Loyola press release - May 12, 2017

Incoming dean, Judge Madeleine Landrieu, will share her vision for the century-old law school at Commencement 2017

2017 graduates of Loyola University New Orleans College of Law will be honored Saturday as the 100th graduating class of the century-old law school. Commencement 2017 also marks a welcome and a homecoming for the law school’s new dean. Fourth Circuit Appellate Judge, the Hon. Madeleine M. Landrieu, J.D. ’87, H ’05, who begins work at Loyola this summer, graduated 30 years ago from the law school and in the aftermath of Hurricane Katrina in 2005, received an honorary degree from Loyola together with her entire family, many of whom are Loyola graduates.

Landrieu will deliver the address at Commencement 2017 for the Loyola University of New Orleans College of Law, which runs from 5:45 to 7 p.m. on Saturday, May 13, at the Superdome. In her talk, she will celebrate the university and law school’s rich heritage, as well as share a bit about her vision for the school.

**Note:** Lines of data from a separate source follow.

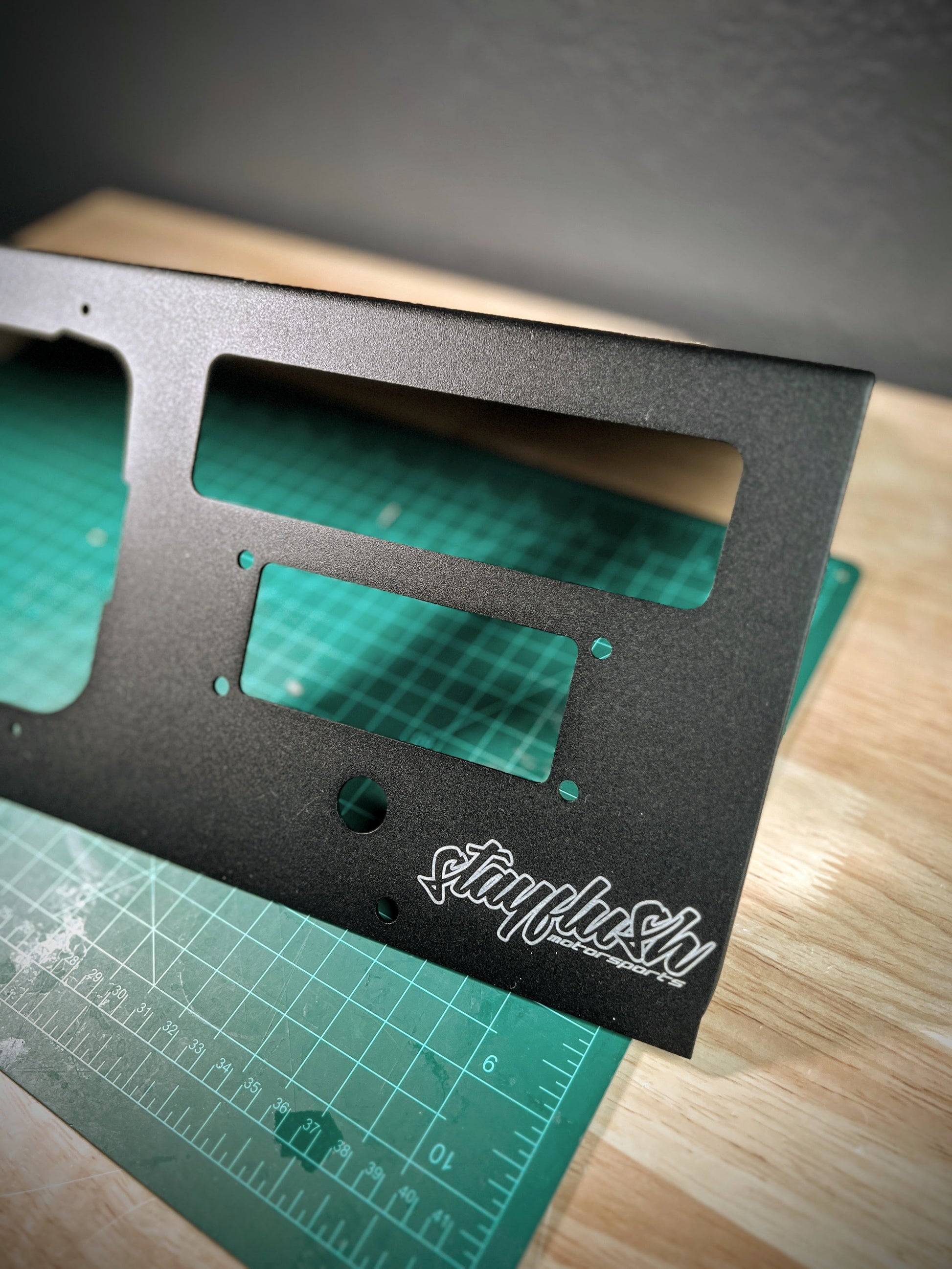 Now is your chance to put that glove box area to good use! These consoles are currently made to order with about 3-4 week lead time after design is approved. If it fits we will mount it! Made from 14 aluminum and comes with any hardware needed for mounting. Final console is powder coated black texture to match your factory dash. This console eliminates your factory glove box and adds room for your comms and accessories. Logo Placement will depend on your accessories. Feel free to email us with any questions!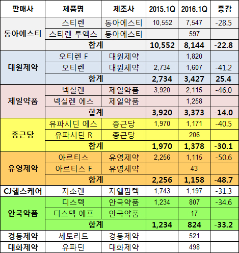 제일약품도 넥실렌 에스를 새로 출시했지만, 기존 넥실렌이 46%나 떨어지면서 전체적으로 14% 하락했다.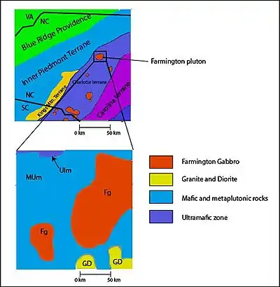 Located in the Charlotte Belt of North Carolina is the Farmington Gabbro, located in the Mocksville Complex.[1] The Mocksville Complex consist of metamorphosed/unmetamorphosed gabbros, pyroxenites, hornblendites, wehrlites, granites, and diorites.[2] The plutons in this region formed during the Taconic, Acadian, and Alleghanian orogeny starting on the eastern side of Laurentia.[3] These plutons date back to around 400 Ma, consisting of ultramafic, mafic, and felsic rocks but the Farmington Gabbro is the only pluton on the northwest side of the complex that is unmetamorphosed.[2][4]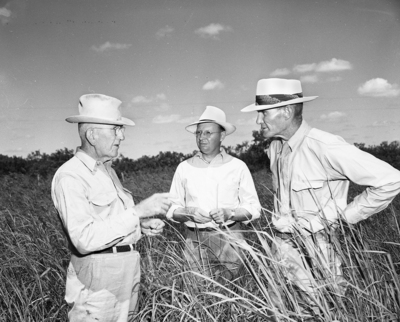 Image shows T. J. Allen, left, Coleman, explaining how his grass test field was planned to J. G. Wilke, center, bank cashier from Trent and Louis Butman, right, Merkel. The three men are shown to be in the middle of the grass field. Published in the Fort Worth Star-Telegram , November 5, 1950.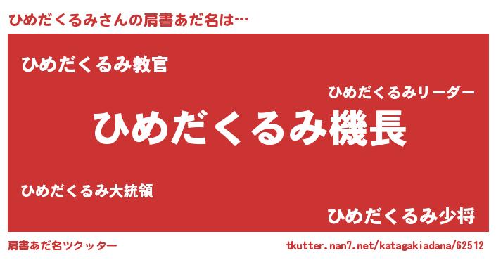| 男性向けラノベタイトル風あだ名 | 『緋弾のヒメダクルミ』 |
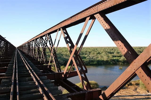 We stopped in at Walkers Creek for a bite to eat and a quick beer in the pub before continuing on along the track. Anna has always been fascinated by Anna Creek Station (biggest station in the world) and was keen to check out the old Anna Creek railway siding. The Oodnadatta track and the old railway line separate just before Anna Creek and run either side of a small ridge, eagle eyed Anna spotted an unmarked track that took us down to the Anna Creek siding. These ruins were in pretty good condition and free from the graffiti unlike the other sidings that are more accessible. From here we continued onto Algebuckina Bridge which is the largest bridge in SA and found a nice camp for the night.

“Steeped in both 500 years of Jesuit values and a hundred-year history of seeking justice, Loyola University New Orleans College of Law continues to lean forward,” Landrieu said. “Graduates of the class of 2017 have received both a rigorous and transformative legal education. They leave Loyola’s gates fully prepared to face the challenges that stand before them and ready to seek justice in a changing world.”

Upon accepting her new position in February, Landrieu said that her law degree from Loyola is “one of my life’s most treasured blessings.” It has been her honor to serve in the Louisiana judiciary for the past 16 years, she said. The new position as Loyola law school dean allows her to continue service to others.

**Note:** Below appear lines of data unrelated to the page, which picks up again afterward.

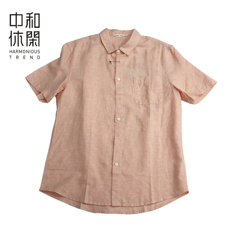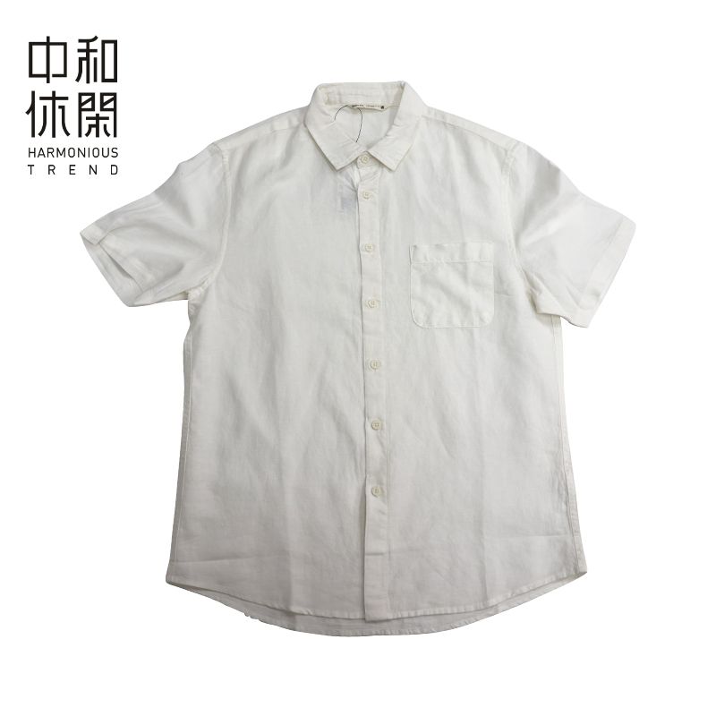 中和休闲夏季薄款棉麻短袖衬衫男休闲纯色宽松半袖潮流方领衬衣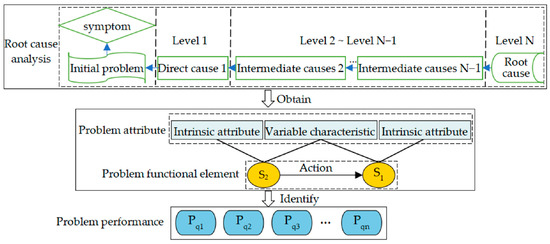 In this study, root cause analysis tools were employed to identify the components causing the issue and their corresponding problem attributes, thus leading to the identification of the problem performance of the product. Problem attributes comprise the intrinsic attributes and the variable characteristics of components or supersystems [44]. The process of identifying the problem performance of the product is illustrated in Figure 1.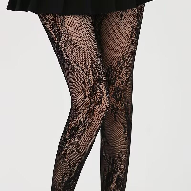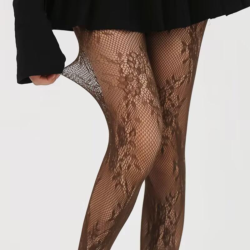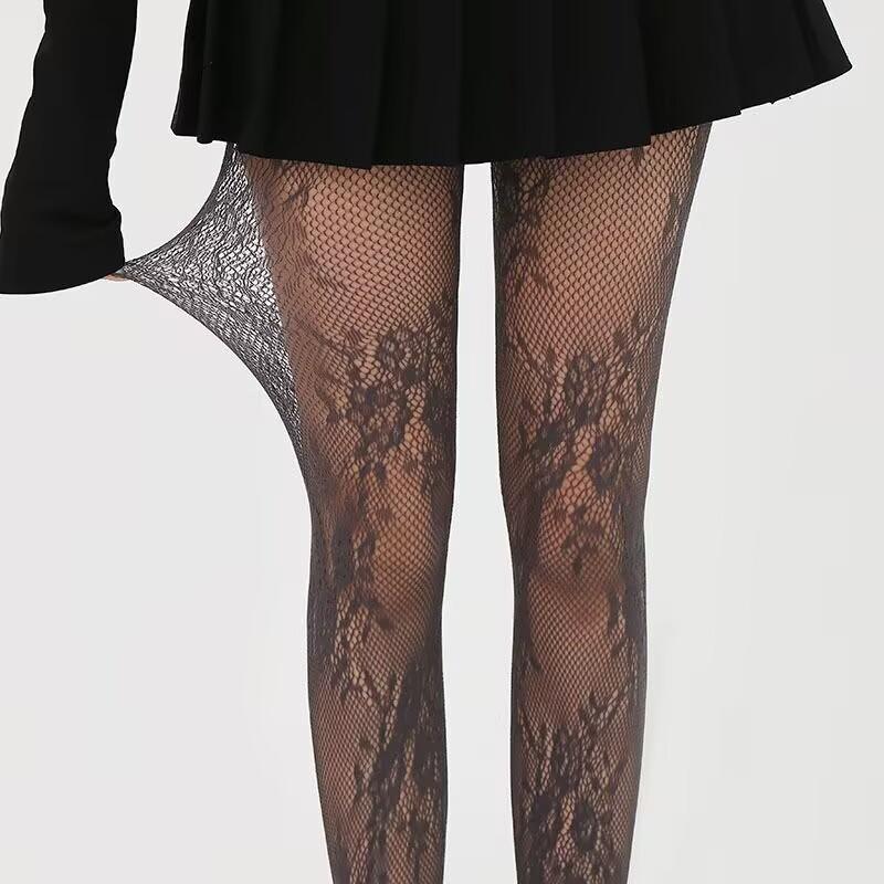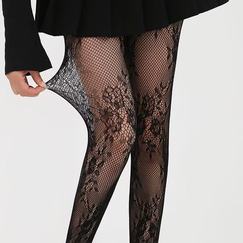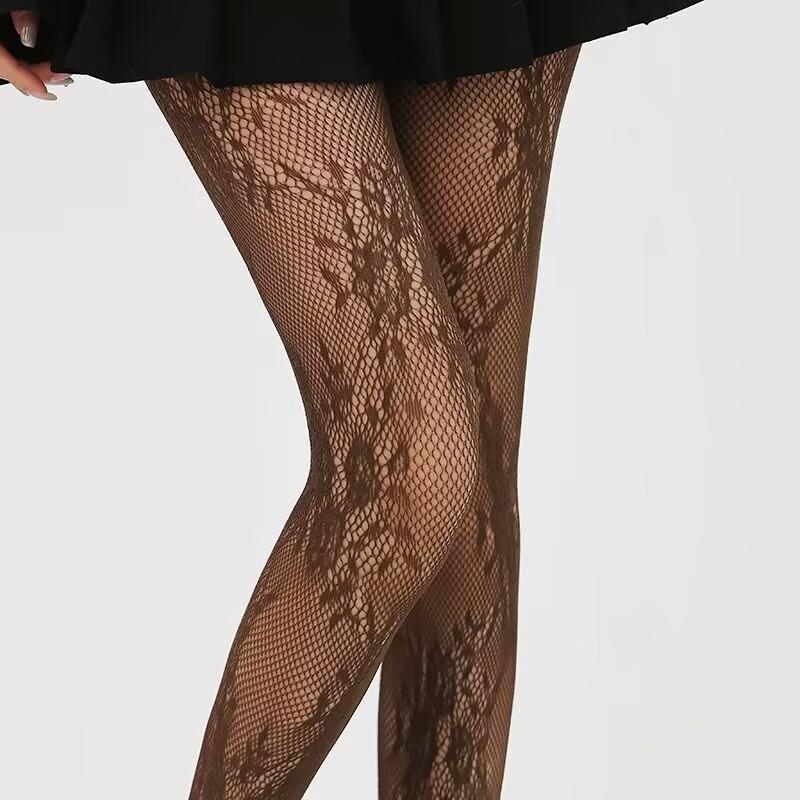 Medias Retro Caladas de Encaje Floral Sexy Jacquard Y2K de Red Negras Sexy Antidesgarros para Mujer

The School of Law, as the College of Law was then known, was founded in 1914 and graduated its first class in 1917, according to Ferris Family Distinguished Professor of Law M. Isabel Medina, who in 2016 published a book on the history of Loyola University New Orleans College of Law which examines the prominent Jesuit institution across its 100-year history, from its founding in 1914 through the first decade of the 21st century. With a mission to make the legal profession attainable to Catholics, and other working-class persons, Loyola’s law school has endured the hardships of two world wars, the Great Depression, the tumult of the civil rights era, and the aftermath of Hurricane Katrina to emerge as a leader in legal education in the state.

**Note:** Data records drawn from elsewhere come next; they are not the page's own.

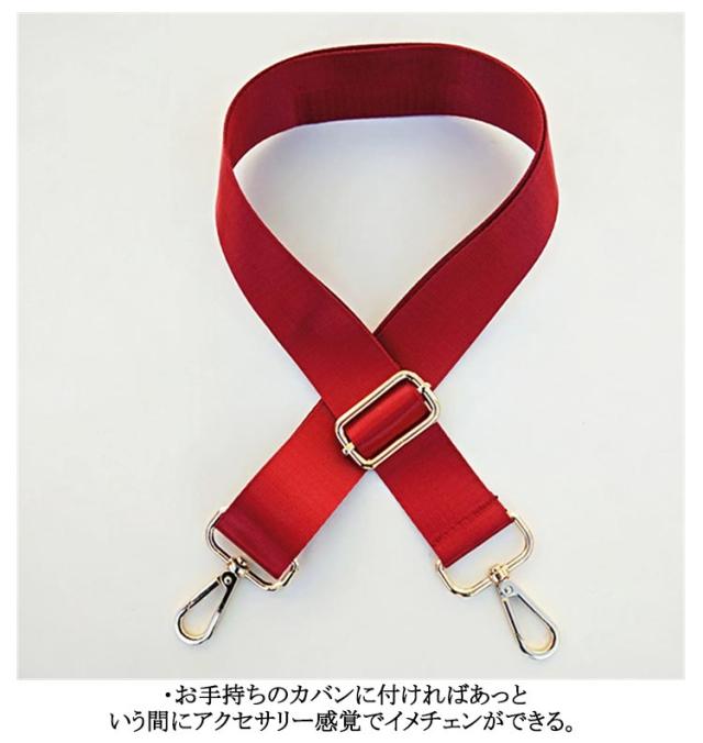 | 選べる4種類金具 全10色 ・高級感が漂うゴールド金具がアクセントに♪ナイロン製のショルダーストラップが登場。 ・3.8cm幅広ストラップで肩にかけても疲れにくいのも魅力的。 ・ナスカンは360度回転するからねじれにくいのも嬉しいポイント。 ・お手持ちのカバンに付ければあっという間にアクセサリー感覚でイメチェンができる。 | |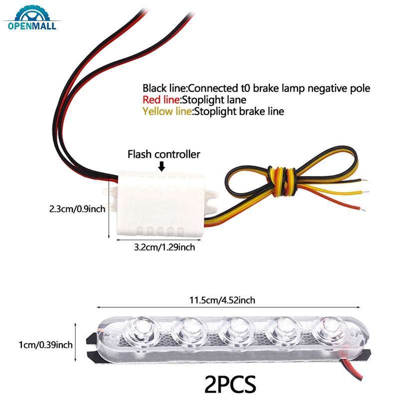 Om ไฟ Led 5ดวงไฟกระพริบไฟเตือนไฟท้ายไฟเบรคฉุกเฉินสําหรับรถยนต์รถจักรยานยนต์รถตํารวจ 2 ชิ้น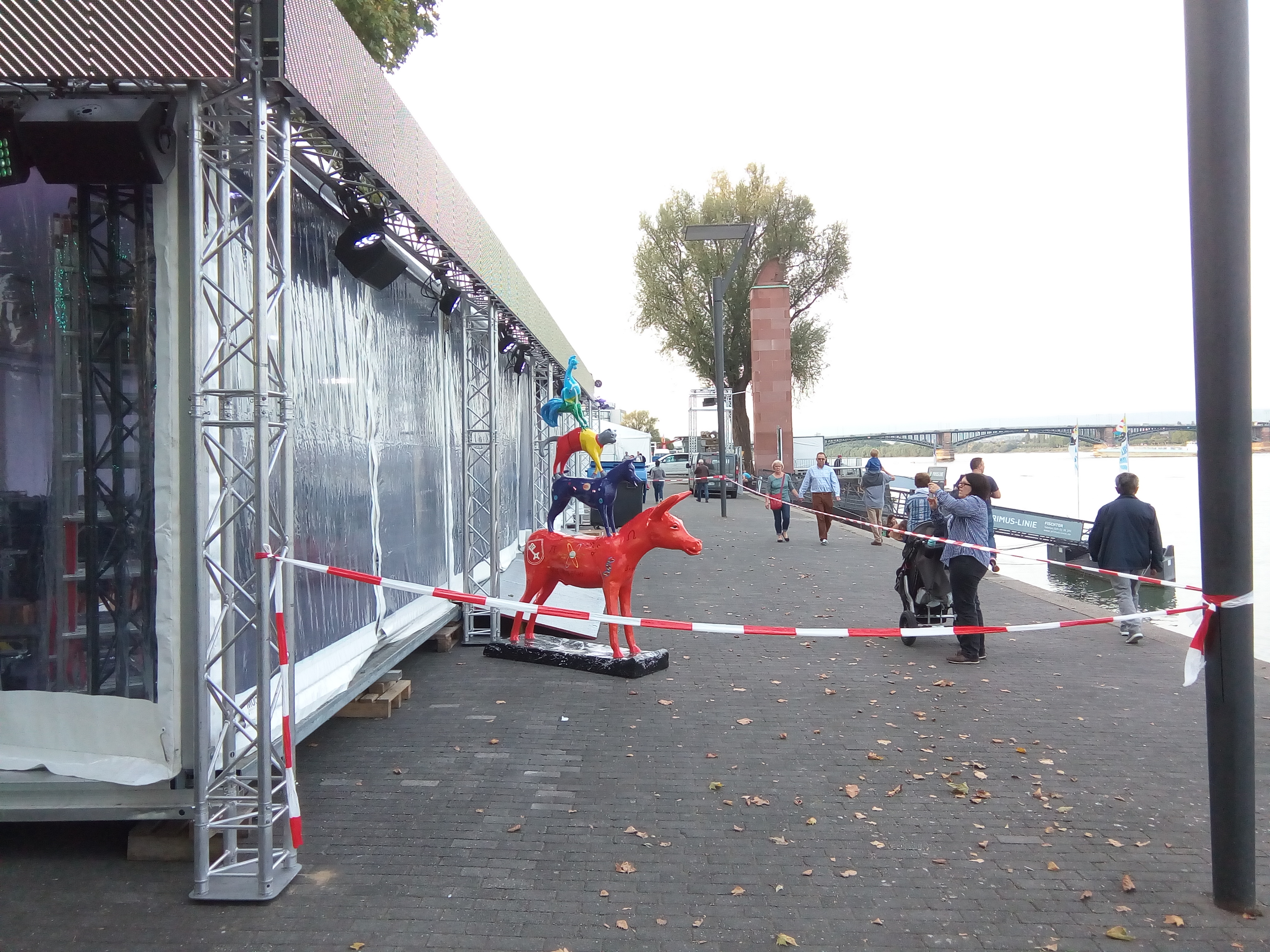 Die Ländermeile am Rheinufer in Mainz im Aufbau, hier das Bremenzelt mit der Stadtmusikanten-Figur. Am 2. und 3. Oktober werden in der rheinland- pfälzischen Landeshauptstadt rund 500.000 Besucher erwartet.

The School of Law, which began as an evening program, added a full-time day program in 1925. Since then, the nationally recognized law school has graduated more than 11,500 students. Distinguished alumni include Louisiana Supreme Court Justices; federal, state and city judges; public defenders; private attorneys; civil rights leaders; immigration experts; education leaders, and city mayors, including New Orleans Mayor Mitch Landrieu J.D. ’85, H ‘05 and former Mayor Moon Landrieu ’52, L’54, H ‘79, H ‘05, the incoming dean’s brother and father.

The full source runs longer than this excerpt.